Pisałam Wam, że mam fioła na punkcie Aromatelli? Pisałam, na pewno pisałam. Z miejsca mogłabym wykupić tam chyba pół asortymentu. Łasa jestem zwłaszcza na nowości. Do wosków Little Hotties Bomb Cosmetics, które pojawiły się w sprzedaży kilka dni temu, też od razu zaświeciły mi się oczy. No i "się kliknęło" :DDD
Obsługa jak zwykle na piątkę, przesyłka już jest u mnie. Urocze, kolorowe woski do kompletu z nowym białym kominkiem. Idealny zestaw do mojej sypialni. Już sobie wyobrażam te relaksujące, pachnące wieczory!
Little Hotties to całkiem nowe doświadczenie zapachowe. Każdy z tych mini wosków jest wytwarzany ręcznie i wypełniany aromatem po same brzegi. Dzięki temu stworzysz intensywny i długotrwały zapach dla swojego domu oraz wyczarujesz nieograniczoną ilość własnych pachnących kompozycji. Możesz wybierać spośród ponad 42 zapachów!
Mini wosków używa się w kominku zapachowym, podgrzewając je świeczką tealight.
Do kominka możesz włożyć jeden wosk, ale największa zabawa rozpoczyna się, gdy połączysz ze sobą 2, 3 lub nawet 4 Little Hotties, by stworzyć całkiem nową, unikalną kombinację!
To zabawne, jak maleńkie są te woski. Przyzwyczajona do rozmiarów Yankee Candle, byłam nieco zaskoczona, kiedy po otwarciu pudełka moim oczom ukazały się drobiazgi o wielkości pięciozłotówki. Jakże urocze! Kolorowe krążki, kwiatki i gwiazdki.
Zamówiłam duży zestaw składający się z 35 wosków (kosztuje 35 zł, dostępny jest też pakiet próbny za 10 zł). Świetne jest to, że komponuje się go osobiście, według własnych upodobań, wybierając spośród 42 zapachów. Ja postawiłam na nuty cytrusowe (między innymi czekoladowa pomarańcza), słodkie (na przykład ciasteczko) i świeże (bawełna).

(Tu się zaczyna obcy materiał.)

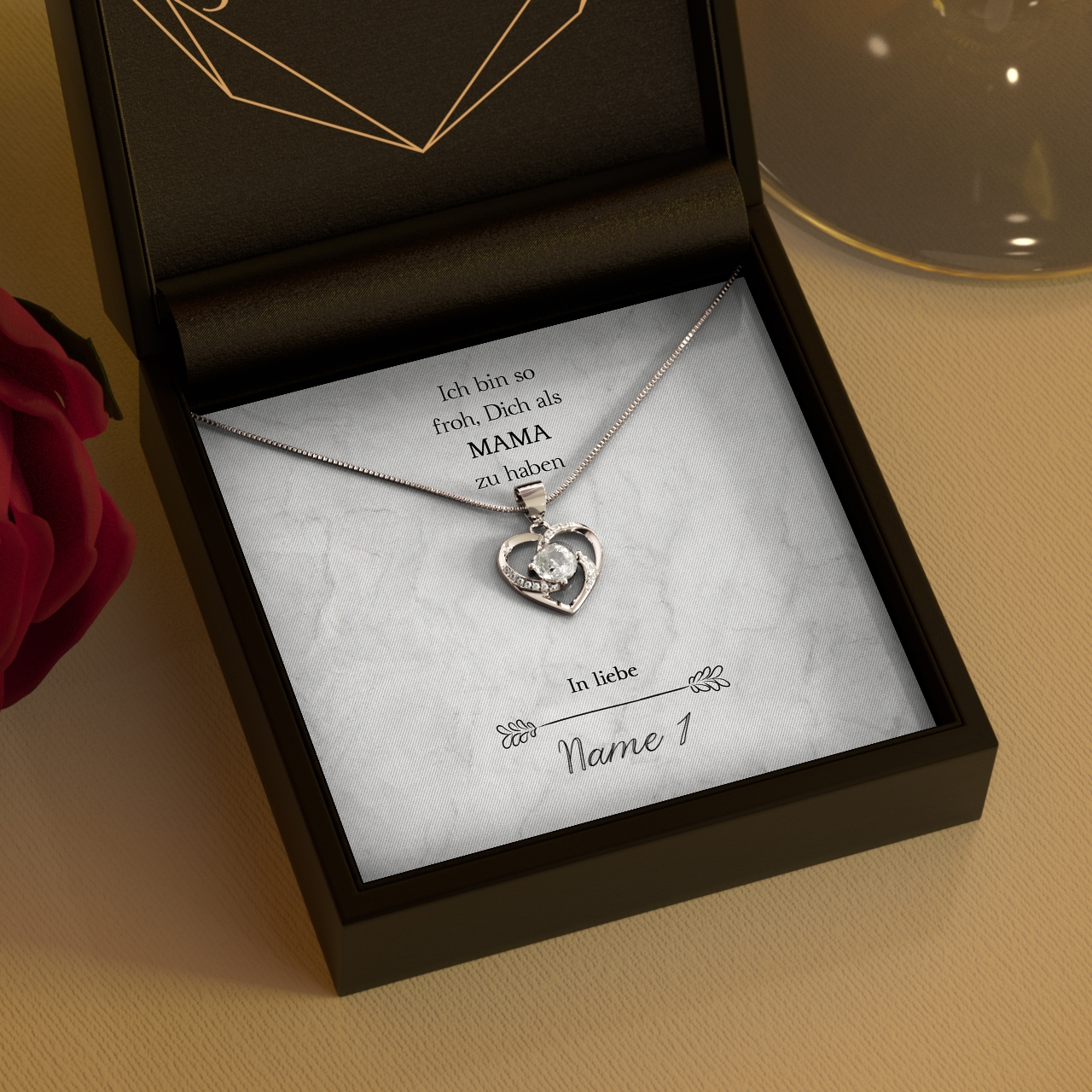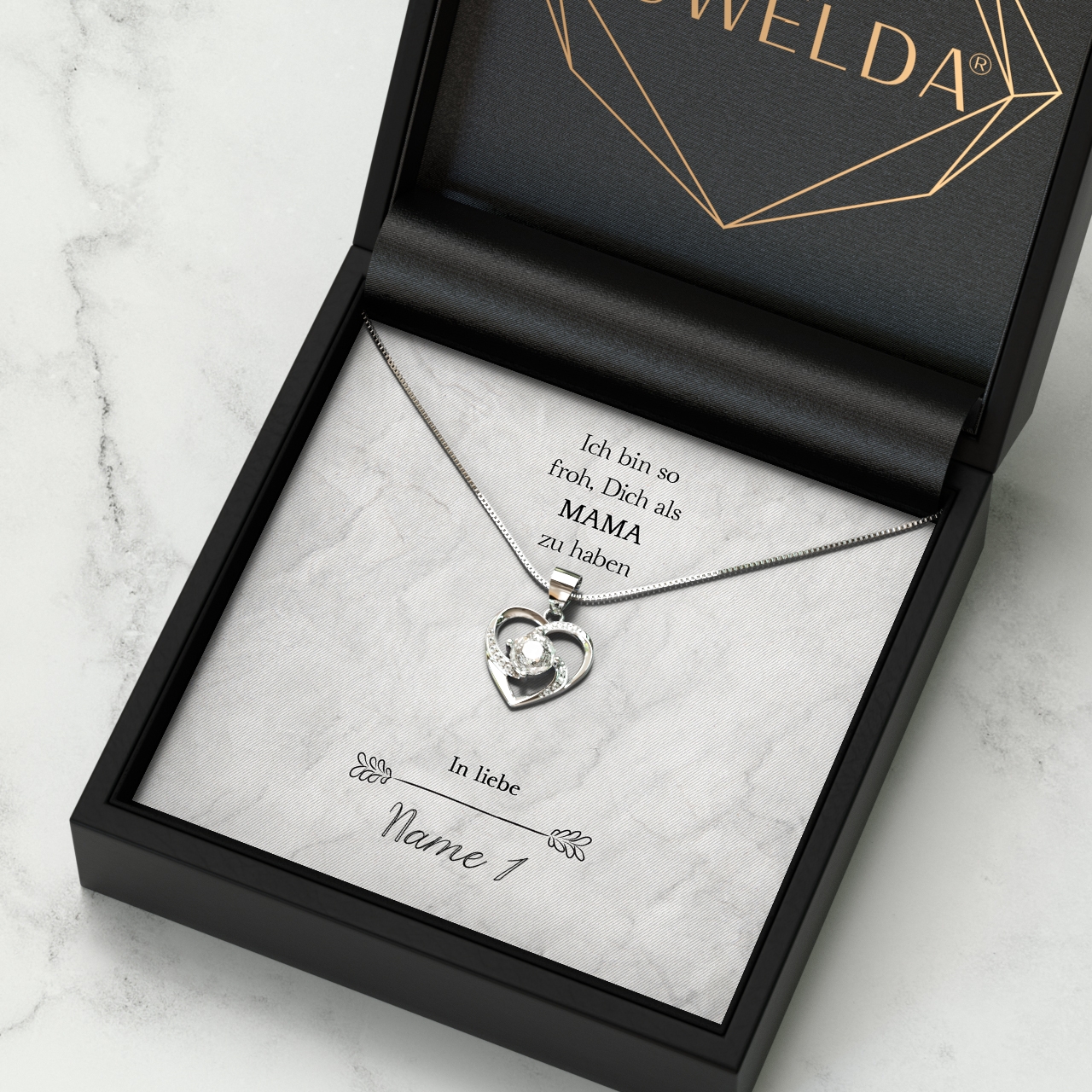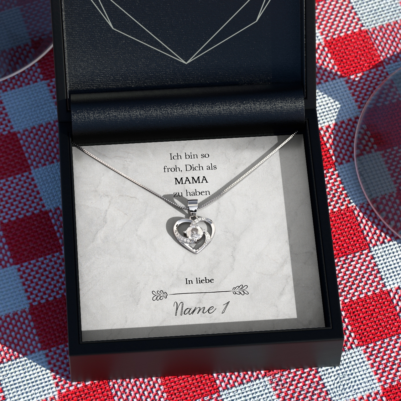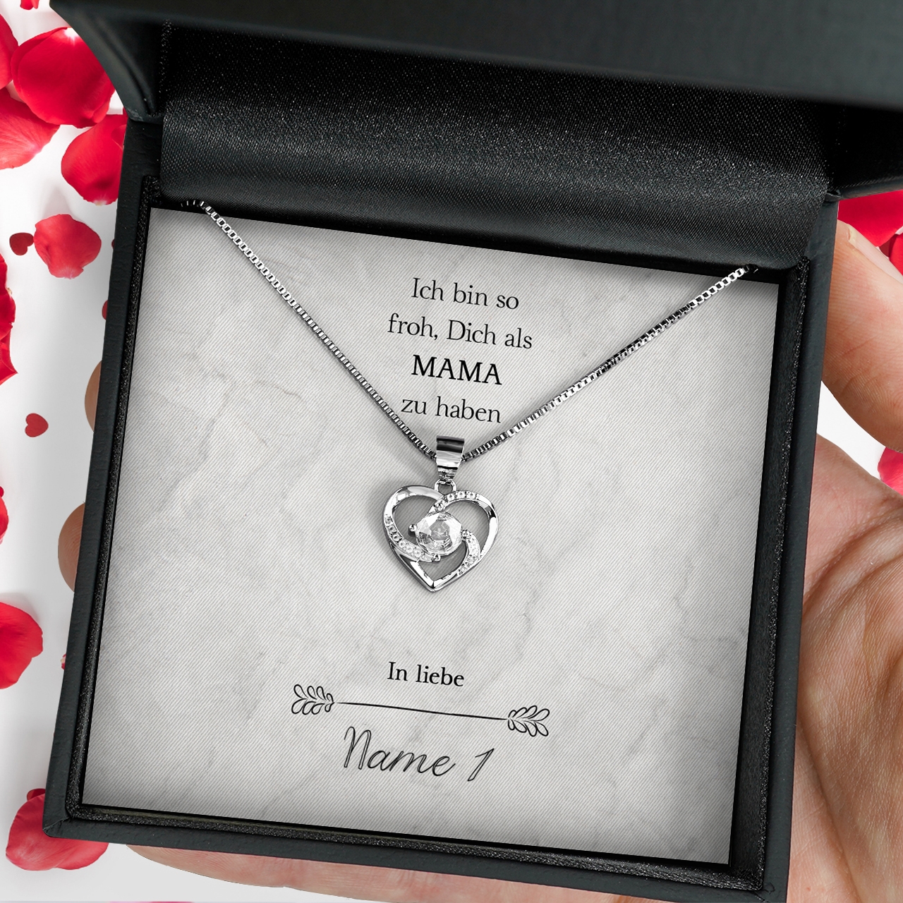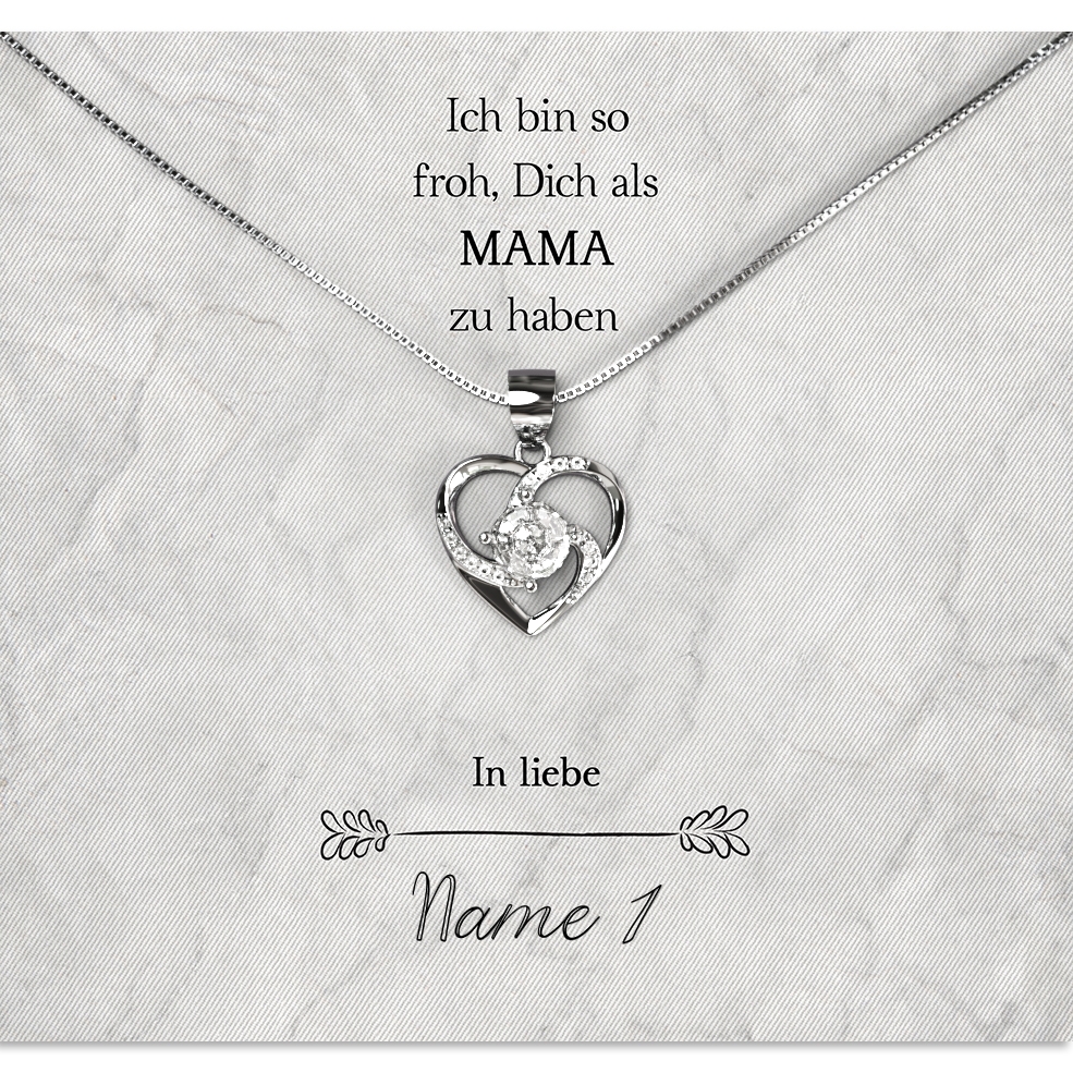 Wir stellen Deine Karte ganz individuell und nur für Dich mit Deinen Wunschnamen her. Zusammen mit der hochwertigen Halskette aus 925 Sterling Silber und der edlen Schmuckbox erhältst Du das perfekte Geschenk, welches Deine Mutter zu Tränen rühren kann. Um das Geschenk sofort an Deine Mama überreichen zu können, legen wir eine gratis Geschenktasche zu jeder Bestellung in das Paket.

Ogromnie podoba mi się pomysł, że Little Hotties można dowolnie ze sobą łączyć, korzystając z podpowiedzi producenta, podsuwającego gotowe propozycje lub tworząc własne niepowtarzalne kompozycje zapachowe. Super sprawa! Wspaniała zabawa zapachami, w której ogranicza nas tylko nasza wyobraźnia.
Nie wiem jeszcze, jak z wydajnością tych wosków, ale trzymam się myśli, że na Bomb Cosmetics jeszcze nigdy się nie zawiodłam i mam nadzieję, że nie stanie się tak i tym razem.
Dobra, lecę zmieszać Fresh Cotton i Oceanic Wave!
Buziaki,
Cammie.
Zapraszam do udziału
w urodzinowym rozdaniu!
O czyms takim jeszcze nie slyszalam. Zaraz musze sprawdzic jak z wysylka do Francji... Swietny pomysl!
OdpowiedzUsuńShinnen, szczerze mówiąc nie wiem, jak tam u nich z wysyłką za granicę.
Usuńale cudaki! nigdy w żyiu o nich nie słyszałam :) wyglądają przeuroczo i super, że same możemy sobie komponować zapachy :)
OdpowiedzUsuńMarti, a tam u ciebie to nie jest przypadkiem dość popularna marka? Rozejrzyj się :)
Usuńyyyy, nie kojarzę jej w ogóle, więc nie wiem :) ale rozejrzę się :)
UsuńGłowy nie daję.
UsuńUrocze :) Podoba mi się, że są takie małe. Można je często wymieniać, nie trzeba bawić się w odłamywanie.
OdpowiedzUsuńIdalia, to prawda, przy YC wkurza mnie, że tak się kruszą :/
UsuńI mnie to wkurza. Potem mam całe palce i paznokcie upaprane w drobinkach, nie wspominając, że szafka też w okruchach :D
UsuńMój kominek stoi akurat na szkle, możesz sobie wyobrazić, jak te okruchy potrafią załatwić szklaną taflę :///
UsuńŚwietna sprawa! :D chętnie się temu przyjrzę, bo coś czuję, że warto ;)
OdpowiedzUsuńAlicja, jeszcze się nie wypowiadam, chcę z nimi trochę dłużej poobcować. Jak będziecie zainteresowane, to jeszcze kiedyś napiszę parę słów :)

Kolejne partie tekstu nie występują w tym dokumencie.